China’s port inventories are well-stocked and coal plants are well-prepared for the extra demand as air conditioners whir into action across the country, according to Zhang Zhibin, an analyst with COSCO Coal. Nevertheless, the National Development and Reform Council (NDRC) has already warned that some areas may suffer power shortages, with provincial bodies in economic powerhouse provinces Guangdong and Shandong announcing they are already under strain due to an unusually warm May.

The country’s electricity demand increased significantly in early 2018, with 2.66 trillion kilowatt-hours consumed from January through May, an increase of 9.75% compared to the same period last year. Coal consumption at China’s six biggest power generators in the country’s southeast reached its second-highest level in history last month, when they burned through 724,000 tons a day. The six include China Guodian Corp. and Guangdong Yudean Group Co. Ltd., and are often used as a benchmark for the country’s coal industry.

The increased demand resulted in unusually high spot coal prices in May, leading the NDRC to make its first direct intervention in the market in two years. The agency ordered utilities to stop stockpiling thermal coal and told miners to increase production by 50%.

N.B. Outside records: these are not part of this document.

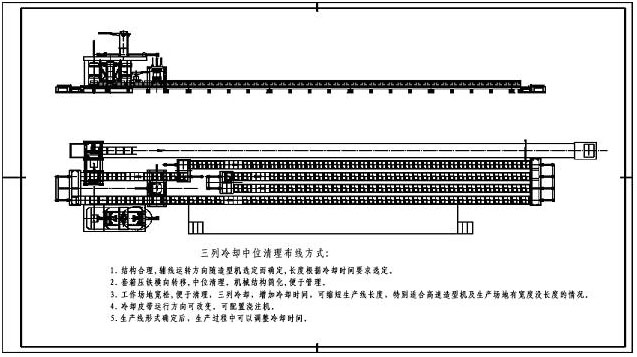 3.1 結(jié)構(gòu)合理,輔線運(yùn)轉(zhuǎn)方向隨造型機(jī)選定而確定,長度根據(jù)冷卻時間要求選定。
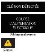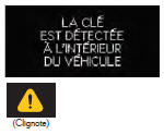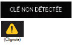 | Tentative de conduite du véhicule alors que la clé habituelle n'était pas à l'intérieur du véhicule. → Vérifiez si la clé à puce est bien à l'intérieur du véhicule. | |||
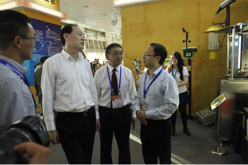 圖為:余欣榮副部長和王小兵副司長一行蒞臨托普展區?
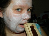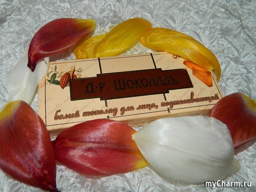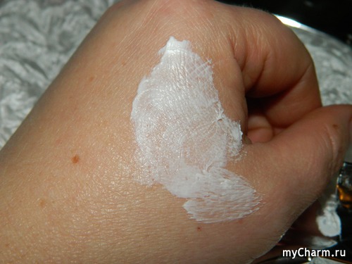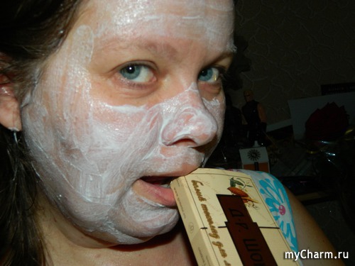 Маска представляет собой довольно густое пластичное маслянистое вещество белого цвета с умопомрачительным ароматом шоколада. Думается, если наносить средство сразу из пакетика, можно столкнуться с тем, что его будет сложно распределить по коже.
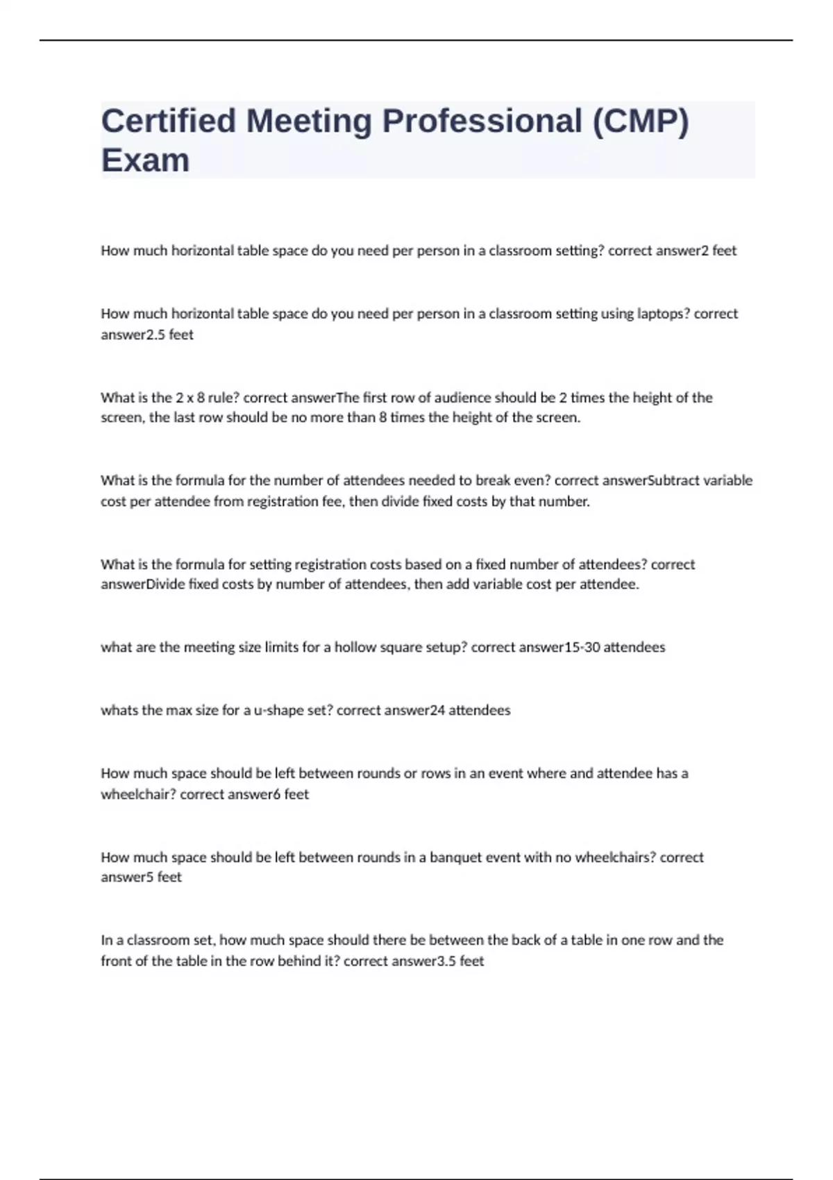 Certified Meeting Professional (CMP) Exam How much horizontal table space do you need per person in a classroom setting? correct answer2 feet How much horizontal table space do you need per person in a classroom setting using laptops? correct answer2.5 feet What is the 2 x 8 rule? correct answerThe first row of audience should be 2 times the height of the screen, the last row should be no more than 8 times the height of the screen. What is the formula for the number of attendees needed to break even? correct answerSubtract variable cost per attendee from registration fee, then divide fixed costs by that number. What is the formula for setting registration costs based on a fixed number of attendees? correct answerDivide fixed costs by number of attendees, then add variable cost per attendee. what are the meeting size limits for a hollow square setup? correct answer15-30 attendees whats the max size for a u-shape set? correct answer24 attendees How much space should be left between rounds or rows in an event where and attendee has a wheelchair? correct answer6 feet How much space should be left between rounds in a banquet event with no wheelchairs? correct answer5 feet In a classroom set, how much space should there be between the back of a table in one row and the front of the table in the row behind it? correct answer3.5 feet What's the maximum number of seats per row and rows per section that you should use in a theatre set? correct answer14 In a theatre set, how much space should be left between adjacent chairs in a row? correct answer2" minimum How many square feet per person for reception? correct answer9-10 sq. ft. What % of sleeping rooms should be accessible? correct answer2% What is the rise to run for stag

NDRC’s intervention initially pushed down prices, but demand continued to rise into June, causing prices to rebound. At the northern port of Qinhuangdao, one of China’s two major coal import points, seaborne thermal coal prices reached 698 yuan ($108.40) a ton on June 15, up 8.44% from a week earlier. Despite their recent rapid rise, prices have peaked, argued Zeng Hao, the deputy general manager of consultancy Fenwei Information Services Co., Ltd., due to the lack of any new factors that would push prices higher in the months ahead.

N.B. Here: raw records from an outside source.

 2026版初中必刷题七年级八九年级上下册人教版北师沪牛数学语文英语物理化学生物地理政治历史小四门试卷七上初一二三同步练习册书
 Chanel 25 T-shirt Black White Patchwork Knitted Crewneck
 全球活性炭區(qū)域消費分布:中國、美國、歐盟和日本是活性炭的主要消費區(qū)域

China’s coal-power generation companies are expecting to see a continuation of their strong performance in the first half of this year during the summer months. Power giant China Shenhua Energy Co. Ltd. said that coal sales in April reached 42.8 million tons, an increase of over 20% compared to the same period last year. China’s total energy sales were up 10% year-on-year in April, with electricity sales rising 11% in the January-to-April period compared to a year earlier. Datong Coal Mine Group Co., Ltd. and Shanxi Coking Coal Group Co. Ltd. also said they expect higher profits compared to the same period last year.

Analysts appeared unconcerned about the impact of the U.S.-China trade conflict on the domestic coal market. “Taking into consideration the higher cost of freight, U.S. coal was never a cost-competitive supplier to China on a delivered-quality-adjusted basis,“ said Shirley Zhang, an analyst at consultancy Wood Mackenzie.